Reproducible on Apple M-series + ubuntu-latest. Published throughput tables sit in the Benchmarks section of the workspace README: noyalib is faster than every other pure-Rust YAML library on every deserialize fixture measured. Speedup ranges: 1.69×–2.00× vs serde-saphyr, 1.48×–1.96× vs serde_yml, 1.42×–1.84× vs serde_yaml_ng, 1.38×–1.74× vs yaml-spanned, 1.11×–1.36× vs yaml-rust2. Serialize is 3.00×–4.34× ahead of serde_yaml_ng. The structural-bitmask scanner runs 4.2× (stable) / 9.2× (nightly-simd) over the memchr loop on 1 MiB documents; the SWAR decimal parser runs 2.17–2.52× faster than the stdlib from_str.


When not to use noyalib

  • You need to round-trip comments through the data-binding API. The YAML data model excludes comments by spec. The lossless CST (noyalib::cst::Document) preserves them byte-for-byte for the tooling path, but from_str::<T>to_string(&T) does not. No Rust YAML library currently round-trips comments through a typed deserialise / serialise pair.
  • You need a different YAML 1.1 resolution rule than the three the spec actually disagrees with 1.2 on. noyalib defaults to YAML 1.2 strict semantics; opt in via ParserConfig::version(YamlVersion::V1_1) to flip the three resolver-table differences (yes / no / on / off booleans, bare-0 octal 0644, sexagesimal 60:00) on as a bundle. Other 1.1-isms (mandatory !! tag prefix, broader timestamp parsing) are not currently version-gated; both 1.1 and 1.2 mode accept the relaxed forms.

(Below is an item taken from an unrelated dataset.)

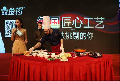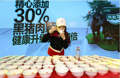 在現(xiàn)場,汪涵更是以無淀粉產(chǎn)品代言人的身份和現(xiàn)場經(jīng)銷商進行了互動,《豬豬俠》人偶豬豬和菲菲也以金鑼哈啰伙伴系列產(chǎn)品代言人的身份進行了萌翻眾人的表演,《畫江湖之不良人》主創(chuàng)團隊則以cosplay的形象出現(xiàn)在舞臺上,帶來了一場如夢似幻的視覺盛宴。而YY當紅大胃王女主播袁瑞彤PK三壯漢,10分鐘吃下70碗金鑼肉粒多拌面更是將現(xiàn)場氣氛推向高潮;外籍大廚阿爾伯特用德斯克制作三道色香味俱全的德式美食,也讓臺下經(jīng)銷商欲罷不能。這些豐富的代言形式,讓在場的經(jīng)銷商全部耳目一新,留下了深刻的品牌印象。也正是在代言人的推動下,短短兩個小時訂貨量便突破了1.15億。

Migrating from another YAML crate

The headline diff for serde_yaml 0.9 plus a name-for-name mapping table sits in the workspace README. The deeper guide also covers serde_yml, yaml_serde, serde-yaml-ng, serde-norway, serde-yaml-bw, serde-saphyr, and yaml-spanned — per-crate function tables, behavioural-difference notes, the drop-in shim, and a migration checklist: doc/MIGRATION-FROM-SERDE-YAML.md.


Documentation


License

Dual-licensed under Apache 2.0 or MIT, at your option.